Your task ::
Retype all of the listing exactly, with no pictures.

------ Provided material ------

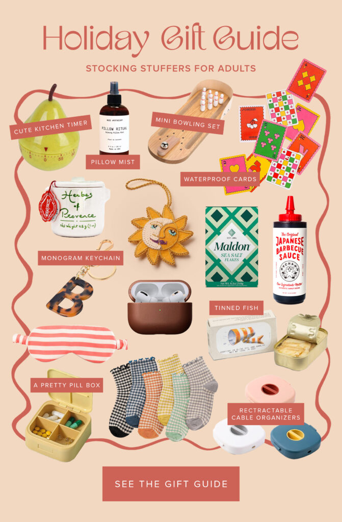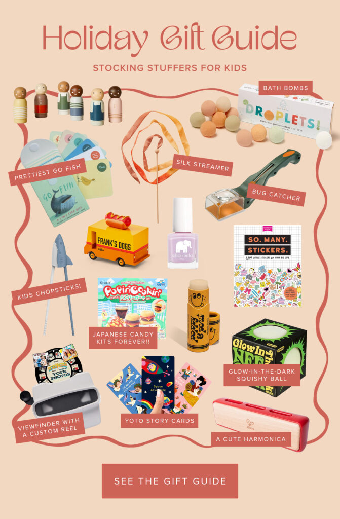 i always find the stocking stuffer gift guides to be the hardest because i have too many ideas and i can’t stay focused on any of them haha — but here it is! lots of ideas for grownups and for kids! hope this helps you!
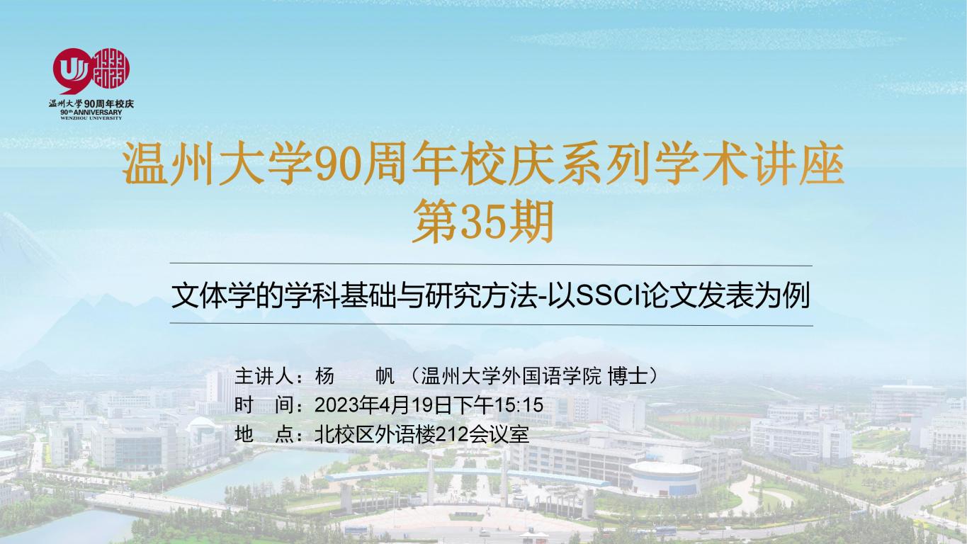 溫州大學90周年校慶系列學術講座(三十五)
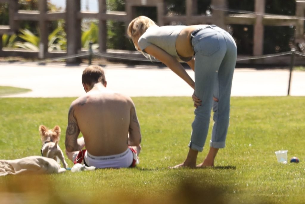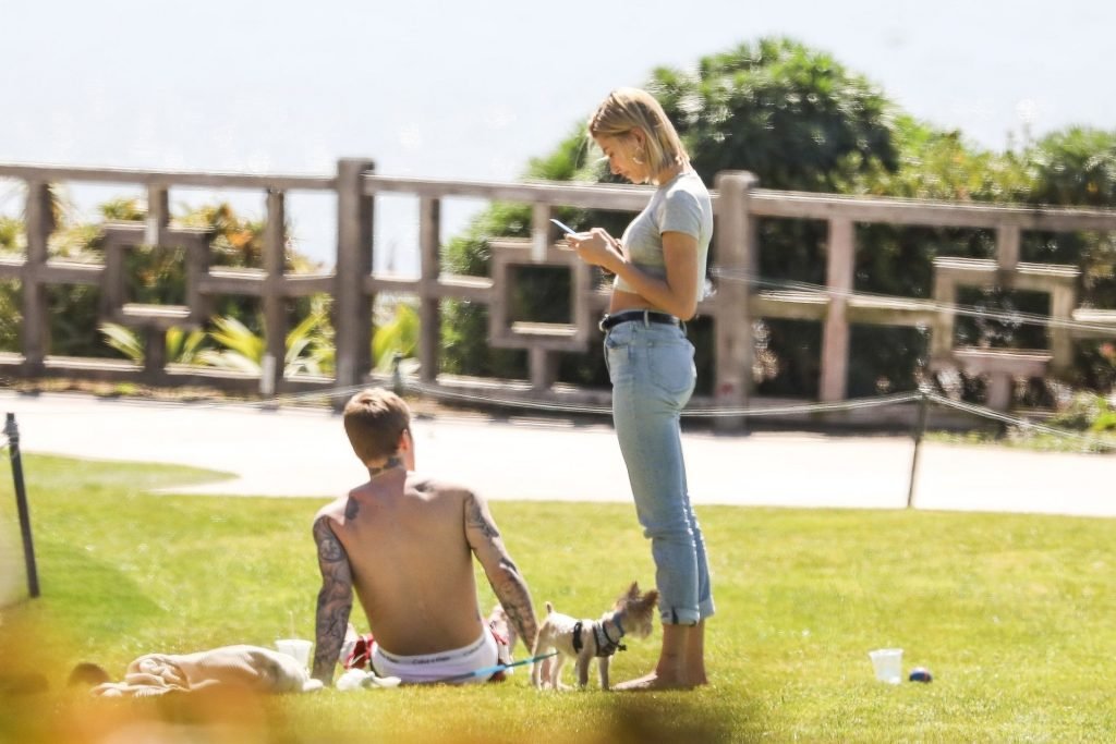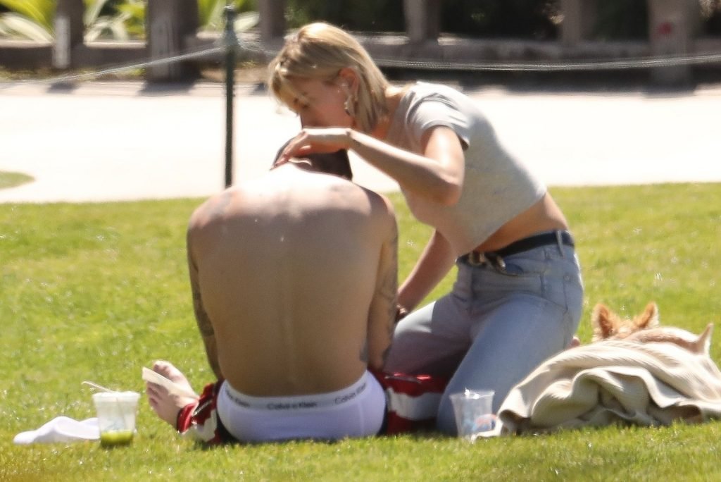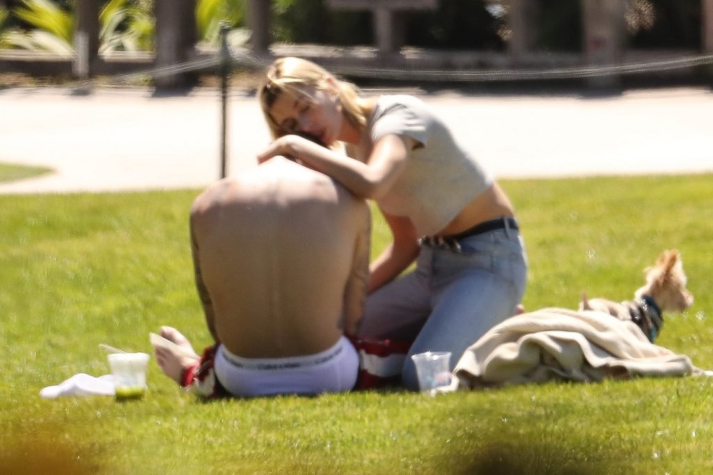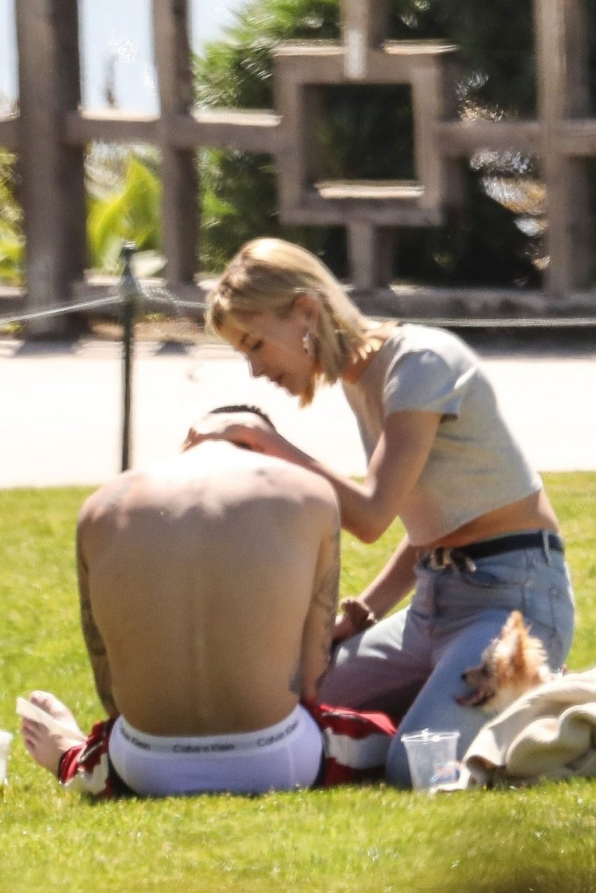Après une promenade sur la plage, le couple prend quelques minutes pour se détendre sur l’herbe. Justin semble abattu alors qu’il baisse la tête et fait asseoir Hailey sur ses genoux, qui le réconforte en lui caressant doucement les cheveux.

------

Result for this task ::
 i always find the stocking stuffer gift guides to be the hardest because i have too many ideas and i can’t stay focused on any of them haha — but here it is! lots of ideas for grownups and for kids! hope this helps you!
 溫州大學90周年校慶系列學術講座(三十五)
Après une promenade sur la plage, le couple prend quelques minutes pour se détendre sur l’herbe. Justin semble abattu alors qu’il baisse la tête et fait asseoir Hailey sur ses genoux, qui le réconforte en lui caressant doucement les cheveux.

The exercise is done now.